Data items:
----
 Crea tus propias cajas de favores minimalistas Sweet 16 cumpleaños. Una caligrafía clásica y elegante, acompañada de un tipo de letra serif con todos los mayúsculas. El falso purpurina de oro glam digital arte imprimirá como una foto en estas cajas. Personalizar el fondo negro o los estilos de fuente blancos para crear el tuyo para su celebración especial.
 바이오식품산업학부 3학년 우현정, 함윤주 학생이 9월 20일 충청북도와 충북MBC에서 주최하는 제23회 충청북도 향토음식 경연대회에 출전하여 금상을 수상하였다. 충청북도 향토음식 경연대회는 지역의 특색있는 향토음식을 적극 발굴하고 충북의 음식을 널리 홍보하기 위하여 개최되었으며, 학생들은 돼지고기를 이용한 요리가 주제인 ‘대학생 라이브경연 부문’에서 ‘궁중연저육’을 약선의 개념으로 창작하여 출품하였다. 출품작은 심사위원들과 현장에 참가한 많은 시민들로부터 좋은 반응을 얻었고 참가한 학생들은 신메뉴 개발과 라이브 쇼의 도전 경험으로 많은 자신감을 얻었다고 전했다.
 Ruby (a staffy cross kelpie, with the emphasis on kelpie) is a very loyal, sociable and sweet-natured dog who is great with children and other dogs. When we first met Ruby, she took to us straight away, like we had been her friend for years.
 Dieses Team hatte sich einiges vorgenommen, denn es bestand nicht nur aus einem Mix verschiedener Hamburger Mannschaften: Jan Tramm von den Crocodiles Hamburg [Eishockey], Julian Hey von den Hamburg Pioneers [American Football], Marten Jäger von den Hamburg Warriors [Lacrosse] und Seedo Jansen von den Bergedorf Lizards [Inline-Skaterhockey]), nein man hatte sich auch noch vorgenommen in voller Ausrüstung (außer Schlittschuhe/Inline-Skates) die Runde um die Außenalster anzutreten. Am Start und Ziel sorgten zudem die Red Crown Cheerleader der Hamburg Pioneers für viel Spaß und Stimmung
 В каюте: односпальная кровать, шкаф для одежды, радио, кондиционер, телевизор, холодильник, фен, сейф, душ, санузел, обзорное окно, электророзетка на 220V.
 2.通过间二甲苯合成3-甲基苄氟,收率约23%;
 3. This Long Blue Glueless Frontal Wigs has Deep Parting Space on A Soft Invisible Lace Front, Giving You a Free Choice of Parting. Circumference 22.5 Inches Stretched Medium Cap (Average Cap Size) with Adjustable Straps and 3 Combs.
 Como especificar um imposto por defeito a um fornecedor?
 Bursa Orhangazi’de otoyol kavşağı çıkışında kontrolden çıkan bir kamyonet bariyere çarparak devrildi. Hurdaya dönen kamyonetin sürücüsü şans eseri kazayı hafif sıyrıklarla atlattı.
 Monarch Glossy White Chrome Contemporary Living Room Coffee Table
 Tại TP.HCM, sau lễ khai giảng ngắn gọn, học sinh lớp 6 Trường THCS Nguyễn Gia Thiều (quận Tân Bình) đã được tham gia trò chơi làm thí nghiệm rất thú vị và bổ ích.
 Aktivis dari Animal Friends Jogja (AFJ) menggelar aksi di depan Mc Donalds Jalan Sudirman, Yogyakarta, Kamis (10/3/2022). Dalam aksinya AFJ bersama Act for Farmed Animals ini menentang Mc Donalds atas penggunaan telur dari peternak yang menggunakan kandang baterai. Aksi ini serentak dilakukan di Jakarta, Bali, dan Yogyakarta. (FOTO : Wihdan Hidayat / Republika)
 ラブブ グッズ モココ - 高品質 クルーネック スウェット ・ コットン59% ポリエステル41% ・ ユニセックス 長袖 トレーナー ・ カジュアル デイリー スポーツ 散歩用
----
Proceeding from the line containing "Dieses Team hatte" through the line containing "Como especificar um", transcribe the lines above exactly, both end lines included.

**Worked solution**
 Dieses Team hatte sich einiges vorgenommen, denn es bestand nicht nur aus einem Mix verschiedener Hamburger Mannschaften: Jan Tramm von den Crocodiles Hamburg [Eishockey], Julian Hey von den Hamburg Pioneers [American Football], Marten Jäger von den Hamburg Warriors [Lacrosse] und Seedo Jansen von den Bergedorf Lizards [Inline-Skaterhockey]), nein man hatte sich auch noch vorgenommen in voller Ausrüstung (außer Schlittschuhe/Inline-Skates) die Runde um die Außenalster anzutreten. Am Start und Ziel sorgten zudem die Red Crown Cheerleader der Hamburg Pioneers für viel Spaß und Stimmung
 В каюте: односпальная кровать, шкаф для одежды, радио, кондиционер, телевизор, холодильник, фен, сейф, душ, санузел, обзорное окно, электророзетка на 220V.
 2.通过间二甲苯合成3-甲基苄氟,收率约23%;
 3. This Long Blue Glueless Frontal Wigs has Deep Parting Space on A Soft Invisible Lace Front, Giving You a Free Choice of Parting. Circumference 22.5 Inches Stretched Medium Cap (Average Cap Size) with Adjustable Straps and 3 Combs.
 Como especificar um imposto por defeito a um fornecedor?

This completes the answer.